A brief note on the Coordination Framework
By way of a concise introduction, the Shia Coordination Framework is a political bloc that brings together the bulk of Iraq's traditional Shia forces. It was constituted as a coordinating umbrella for managing shared positions inside parliament and beyond it, particularly during moments of crisis and major constitutional junctures. The Framework is not a single party or a classic electoral coalition but rather a vehicle of political understanding that gathers forces of varying backgrounds and weights, including those with armed wings and militias close to Iran or backed by it that entered political life after 2018. They have coalesced provisionally around one core objective: preventing the fragmentation of the Shia house and securing an influential presence in the equation of governance. The Framework took on its clearer contours after the early parliamentary elections of October 2021, specifically in the wake of the diminished representation of certain major Shia forces and the launch of the "national majority government" project championed at the time by the Sadrist movement in alliance with Mohammed al-Halbousi, leader of the Sunni Taqaddum party, and Masoud Barzani, leader of the Kurdistan Democratic Party.
As the political horizon closed in and the selection of a prime minister stalled, the Framework transformed in 2022 into a central player that steered the path of breaking the deadlock, ultimately producing the current government headed by Mohammed Shia al-Sudani. It is worth underlining here that the Coordination Framework effectively controls the present parliamentary majority following the November 2025 elections, which positions it to play a pivotal role in selecting the next prime minister and forming the next government according to the current distribution of seats inside the Iraqi Council of Representatives, while also exerting considerable leverage over every other political detail.

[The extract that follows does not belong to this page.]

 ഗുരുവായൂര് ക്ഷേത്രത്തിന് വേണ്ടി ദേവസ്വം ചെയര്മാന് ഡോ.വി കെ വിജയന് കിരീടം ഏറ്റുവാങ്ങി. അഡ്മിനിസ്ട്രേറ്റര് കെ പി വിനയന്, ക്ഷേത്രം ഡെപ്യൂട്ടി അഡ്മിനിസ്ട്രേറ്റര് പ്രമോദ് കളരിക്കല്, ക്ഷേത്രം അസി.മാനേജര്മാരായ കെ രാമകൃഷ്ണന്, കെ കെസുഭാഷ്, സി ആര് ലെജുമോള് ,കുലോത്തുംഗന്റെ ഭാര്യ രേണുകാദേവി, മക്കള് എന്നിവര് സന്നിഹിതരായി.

Naming the prime minister and the challenges that await him
With the designation of the prime minister drawing closer and names of potential candidates beginning to circulate, Iraq's political scene is entering one of its most sensitive and intricate phases. The matter goes well beyond settling on a name; it reflects fine-grained balances among the winning forces, calculations of consensus, pressures from the street and a tangle of economic, regional and international challenges. The next prime minister will not simply inherit an executive post but will shoulder a heavy legacy of accumulated crises ranging from the economy to the files of security and sovereignty, the Iraqi-Syrian relationship and the broader management of political and social pluralism within the system. In this context, the naming process becomes a real test of the Coordination Framework's ability to produce executive leadership capable of striking a balance between the demands of stability and the need to address structural dysfunction without sliding into the kind of disputes that would return the country to the square of deadlock.

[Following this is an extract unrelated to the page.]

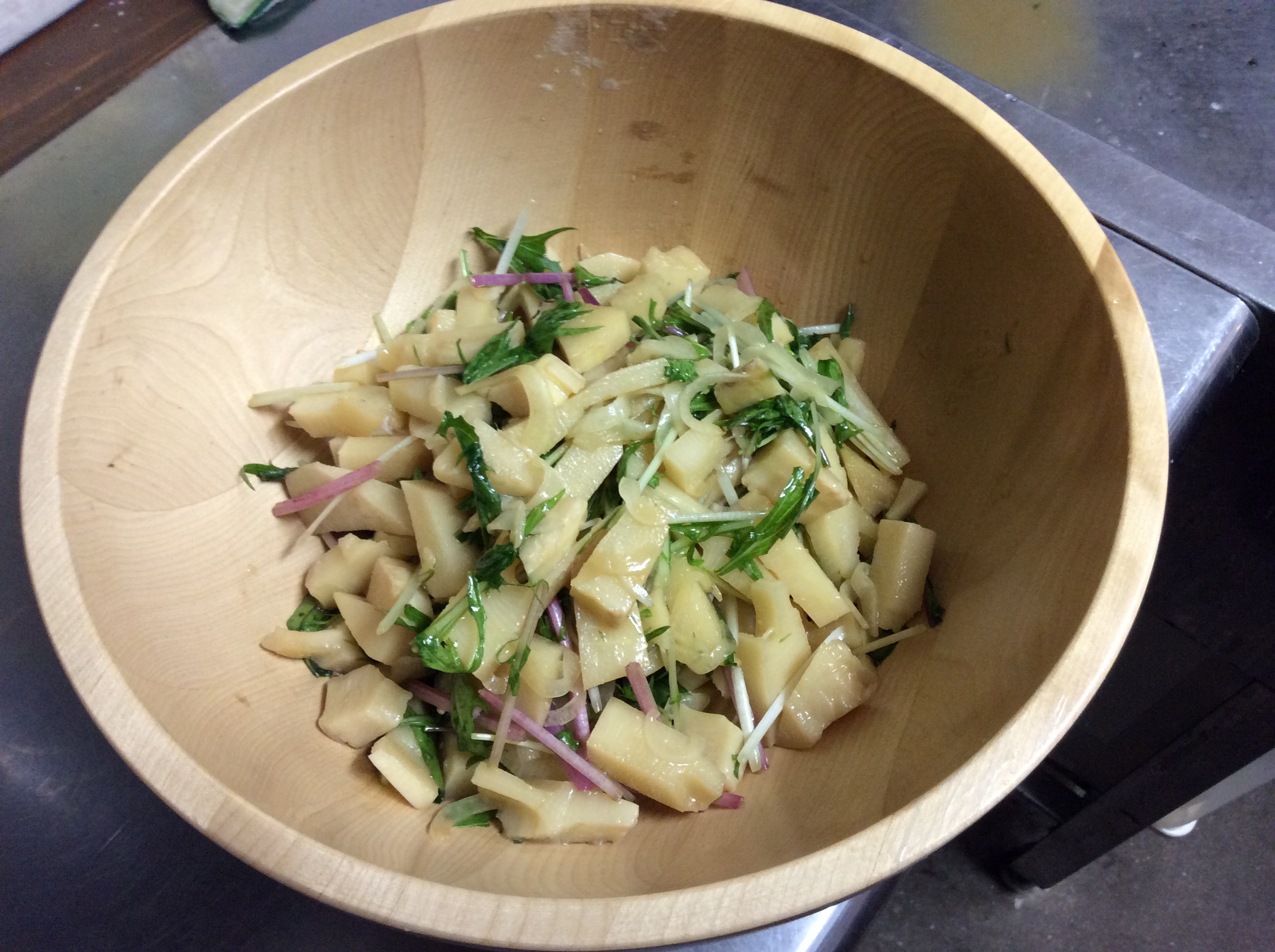 日中の気温がかなりあがってきたので、いつもより早く始めました。 氷が溶けても薄くならない!氷が溶けるのを待ちながら、ゆっくり飲むのがお薦め!本を読みながら、ゆっくり飲む。ブックカフェにぴったりのドリンクです。 冷たいコーヒーの氷に冷たい牛乳。冷え冷えきんきんのコラボ。さあ召し上がれ。 最近は、追い牛乳(100円)をするお客さんも。みんな色々考えますね。 夏季限定ドリンクを始めたので、秋冬限定ドリンクは終了です。またシーズンをお待ちください。材料はあるので対応は出来ますけどね。朝晩はここ西箕輪は寒い(今朝の気温は2度。有報堂の仕事が終わる頃は、最近はいつも7度位です)ので、まだ秋冬ドリンクのほうが良いかもしれません。 ※5月の営業のお知らせは4/25の記事(■■■)にあります。ブログ右側の営業カレンダーもご覧下さい。 ※カイロは完全予約制にて営業しております。早めに電話または窓口でお問い合わせ・ご予約をいただきますようお願いいたします。 「飛び石でも連休があればいいじゃないか」と有報堂Aがラジオに向かって叫んでいます。 世の中は、ゴールデンウィークらしい…長い人は11連休の方もいるとか。有報堂は、いつも通りと言うかいつもよりもよく働いています。今日から5月11日(日)まで通し営業です。「どこかでサボろうかしら」と有報堂Aが小声でつぶやいています。 有報堂カフェのお食事予約。コース料理をご注文いただくと、当たり前ですが通常とはちょっと違ったメニューが出ます。 筍のシーズンになりました。 が人気です。今日もお出ししました。 有報堂では、ゴールデンウィークから、筍天国です。 写真のサラダは、新玉ねぎと筍をベースに、水菜を入れました。 新玉ねぎと筍がポイントです。味付けは、オリーブオイルとかけぽんで洋風にしました。今回は洋風にしましたが、オリーブオイルを菜種油に代えて和風にしても美味しいです。酒の肴にもなります。 この筍サラダは、通常メニューのスープサラダセット(¥250)で、お出しすることもあります。珍しい筍サラダを食べに来ませんか。 ※5月の営業のお知らせは4/25の記事(■■■)にあります。ブログ右側の営業カレンダーもご覧下さい。 ※カイロは完全予約制にて営業しております。早めに電話または窓口でお問い合わせ・ご予約をいただきますようお願いいたします。

The heaviest burden: the Iraqi economy and liquidity
This file sits at the top of the list of challenges. The next head of government will find himself confronting a complex equation: how to handle the financial squeeze that has gripped the government for months, how to secure the revenues needed to keep the state running and how to feed an enormous operational spending bill swollen by inflated payrolls, expanding non-investment public expenditure and the limited role of the private sector. Unemployment, particularly among young people and recent graduates, will remain a constant source of pressure on the government, carrying with it weighty economic, social and security consequences. All of this unfolds amid total reliance on oil revenues, weak economic diversification and a bloated administrative apparatus. The success of the next government will not hinge solely on the availability of cash but also on its ability to address the structural imbalances and accumulated problems plaguing Iraq's financial and economic system, a system that has long operated within a political environment that obstructs and indeed prevents any genuine reform capable of tackling the challenges affecting the very architecture of the economy and the mechanisms of its management.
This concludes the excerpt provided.